A benchmark workflow is composed of three steps: data preparation, inference, and metrics evaluation. These three steps are defined as containers. This document explains how to create these containers so that MedPerf is able to execute them properly.

Container types

Data Preparator Container

The Data Preparator container is used to prepare the data for executing the benchmark. Ideally, it can receive different data standards for the task at hand, transforming them into a single, unified standard. Additionally, it ensures the quality and compatibility of the data and computes statistics and metadata for registration purposes.

This container interface should expose the following tasks/entrypoints:

  • prepare: Transforms the input data into the expected output data standard.

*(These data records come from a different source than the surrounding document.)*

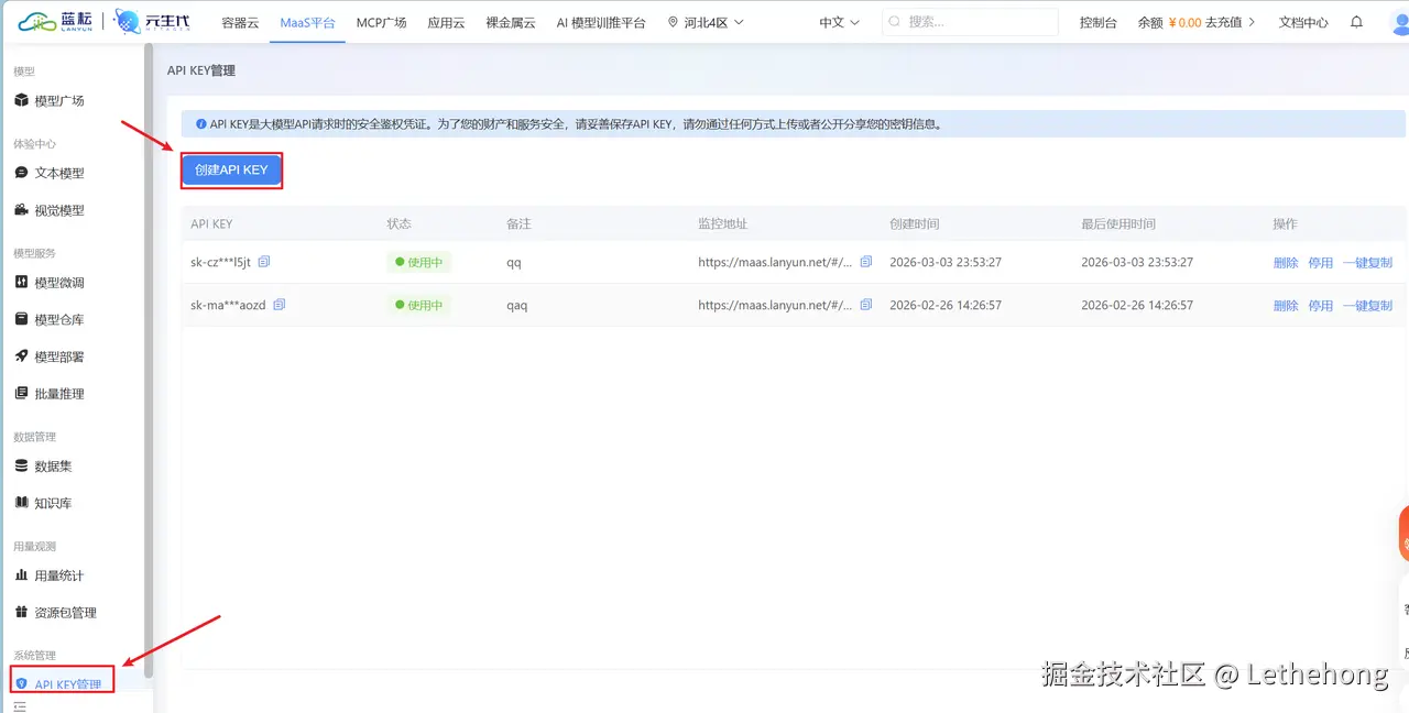 3.2 获取蓝耘 API Key
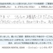 〔ご利用者様より〕 予約~納品~返却まで わかりやすく、利用しやすいシステムです。 ですが…テントが入ってなかったのは…。 ご返金等で対応願います。 ...続きを読む
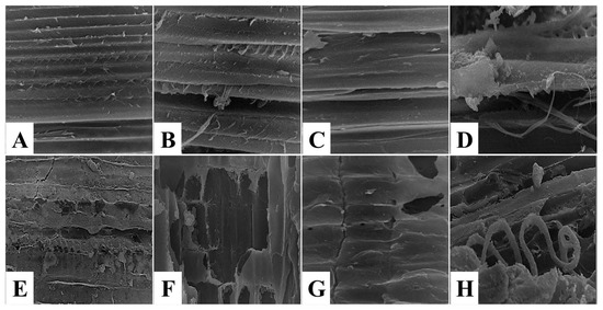 - Rumondor, D.; Tamasoleng, M.; Manangkot, H.; Hadju, R.; Ma’ruf, W. The effect of the storage to the microstructure of angkak sausages of laying chicken meat with the scanning electron microscope (SEM) method. Sci. Pap. Ser. D Anim. Sci. Int. Sess. Sci. Commun. Fac. Anim. Sci. 2021, 64, 380–384. [Google Scholar]
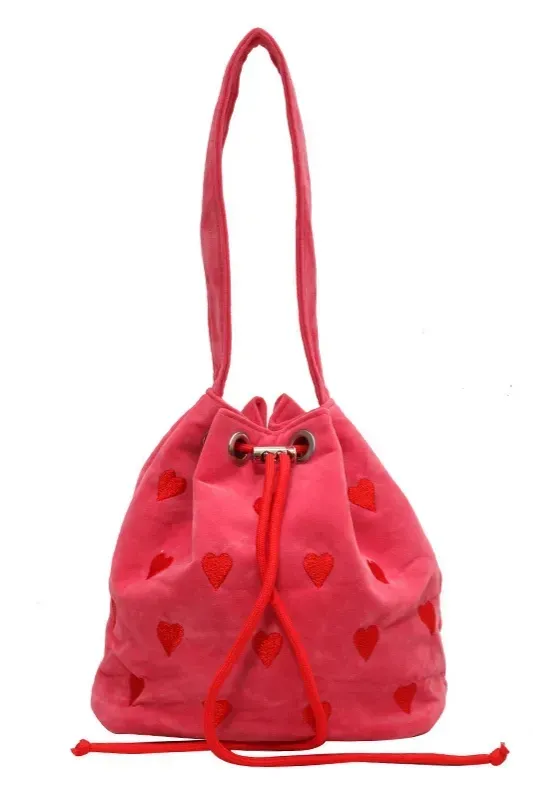 Red Heart Print Bucket Bag
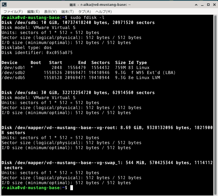 もともと存在した10GB(/dev/sdb)の他に30GB(/dev/sda)のディスクがマウントされずに存在することがわかります。
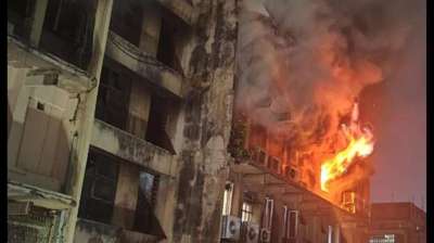 चार मंजिला इमारत में लगी आग से मचा हड़कंप, राहत कार्य जारी
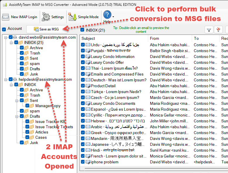 - Bulk conversion of all emails in IMAP to MSG files in a click.
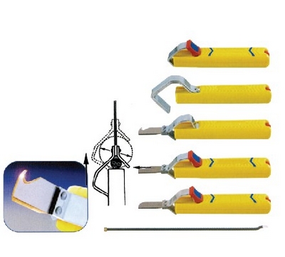 刀头钛涂层。切割深度可精确设定。耐磨塑料手柄。010-⋯020:可以纵向、麻花螺旋方向割开绝缘皮。手柄有备用割刀。没有预割刀片。⋯030-⋯060:可以剥开常用电缆。手柄有备用割刀。没有预割刀片。
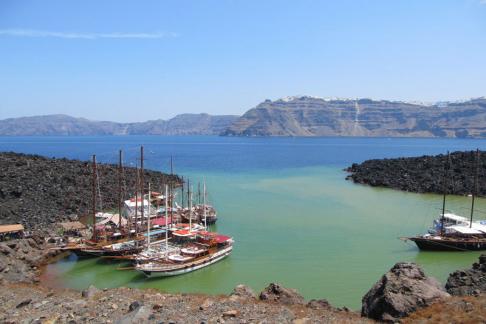 A boat trip is an excellent way to spend a day. First is a visit to the lava island of Nea Kameni. You can hike to the top of the island to walk around the crater, the volcano is still active. You can then swim in the in the green sulphur waters of the hot springs in the sea next to the island. One word of warning though, your swimwear may be a different colour when you come out.
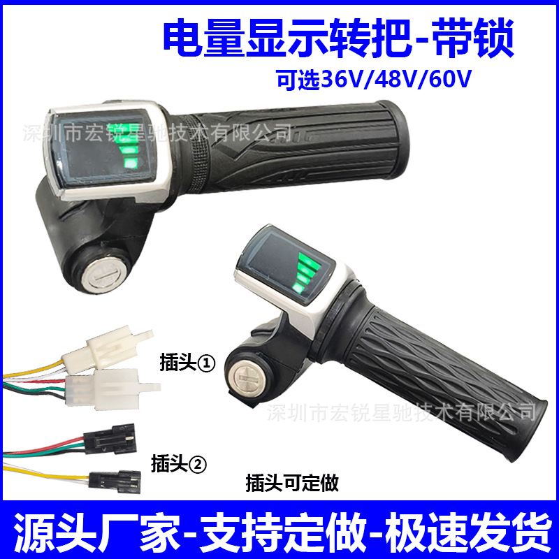 锂电动车转把绿光电量显示48v36v60折叠电动车滑板车配件通用
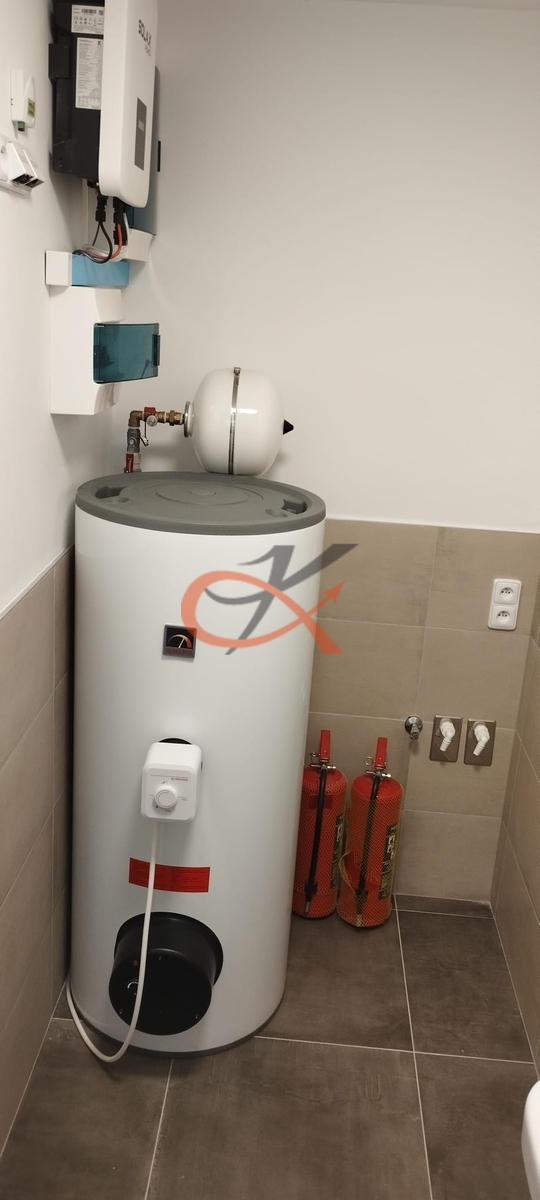 ohřev vody zajišťují fotovoltaické panely umístěné na střeše domu. Dům je
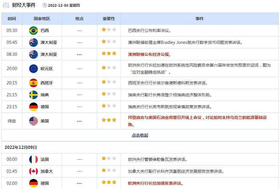 荷兰国际银行:经济衰退担忧,鹰派美联储,美元可能表现良好荷兰国际银行表示,由于对全球经济衰退的担忧加剧,促使投资者转向避险资产,同时美联储继续抗击通胀,美元应继续受到支撑。荷兰国际银行分析师Chris Turner表示:“在过去六周出现广泛的风险反弹后,金融市场现在似乎开始接受2023年衰退的观点。”Turner称,只要美联储保持“鹰派立场”,美元就应会表现良好。在美联储12月14日的政策决定之前,
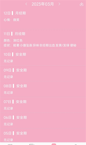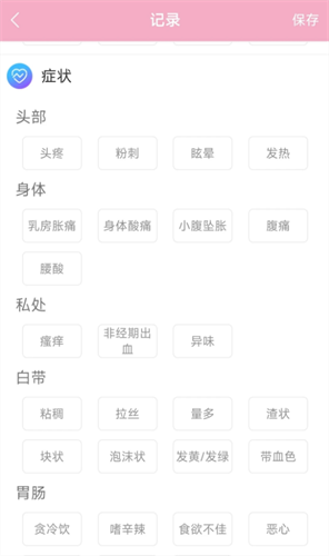 2、症状管理:支持记录50+种经期相关症状,提供个性化缓解建议。
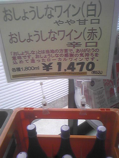同じ“おしょうしな”つながりで、買いに来て頂いて、とてもうれしく思います。その後、奥様のブログ(おしょうしな満腹日記)にも『おしょうしなワイン』を紹介して頂いて、大変感激しました。どうもおしょうしなっしm(__)m
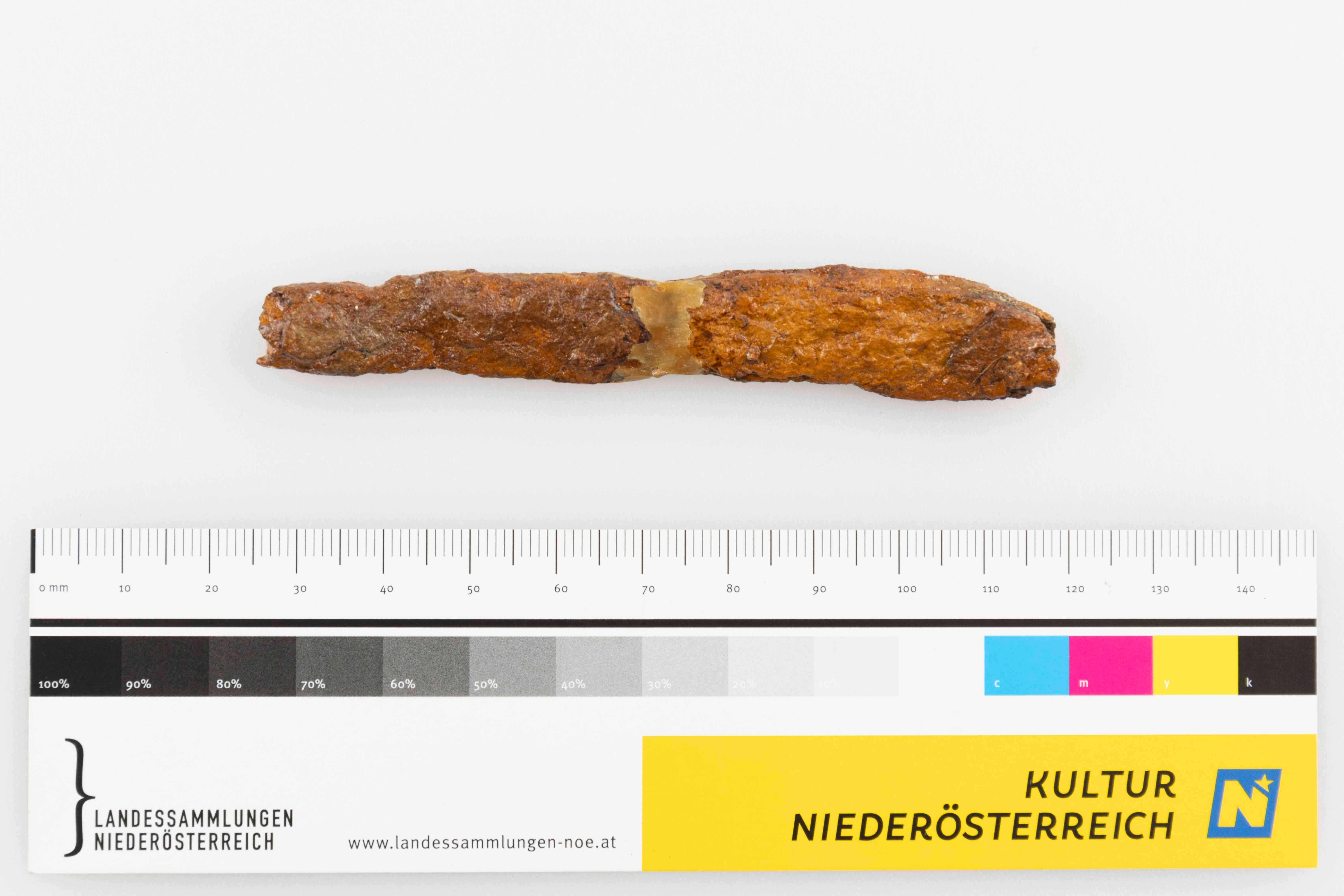 Stark korrodiertes Eisenmesserfragment, Klingenspitze und Griffangel fehlen.

It receives as input the location of the original data, as well as the location of the labels, and outputs the prepared dataset and accompanying labels. By default, inside the container filesystem, the container should read the input data from /mlcommons/volumes/raw_data and the input labels from /mlcommons/volumes/raw_labels, and should write the prepared/preprocessed version of the data in /mlcommons/volumes/data and mlcommons/volumes/labels.

  • sanity_check: Ensures the integrity of the prepared data. It may check for anomalies and data corruption (e.g. blank images, empty test cases). It constitutes a set of conditions the prepared data should comply with. By default, inside the container filesystem, the container should read the input prepared data from /mlcommons/volumes/data and the input prepared labels from /mlcommons/volumes/labels.

  • statistics: Computes statistics on the prepared data. By default, inside the container filesystem, the container should read the input prepared data from /mlcommons/volumes/data and the input prepared labels from /mlcommons/volumes/labels, and should write the computed statistics in the following file /mlcommons/volumes/statistics/statistics.yaml.

Model Container

The model container contains a pre-trained machine learning model that is going to be evaluated by the benchmark. It's interface should expose the following task:

  • infer: Runs inference and computes predictions on the prepared data. It receives as input the location of the prepared data and outputs the predictions. By default, inside the container filesystem, the container should read the input prepared data from /mlcommons/volumes/data and should write the predictions in /mlcommons/volumes/predictions.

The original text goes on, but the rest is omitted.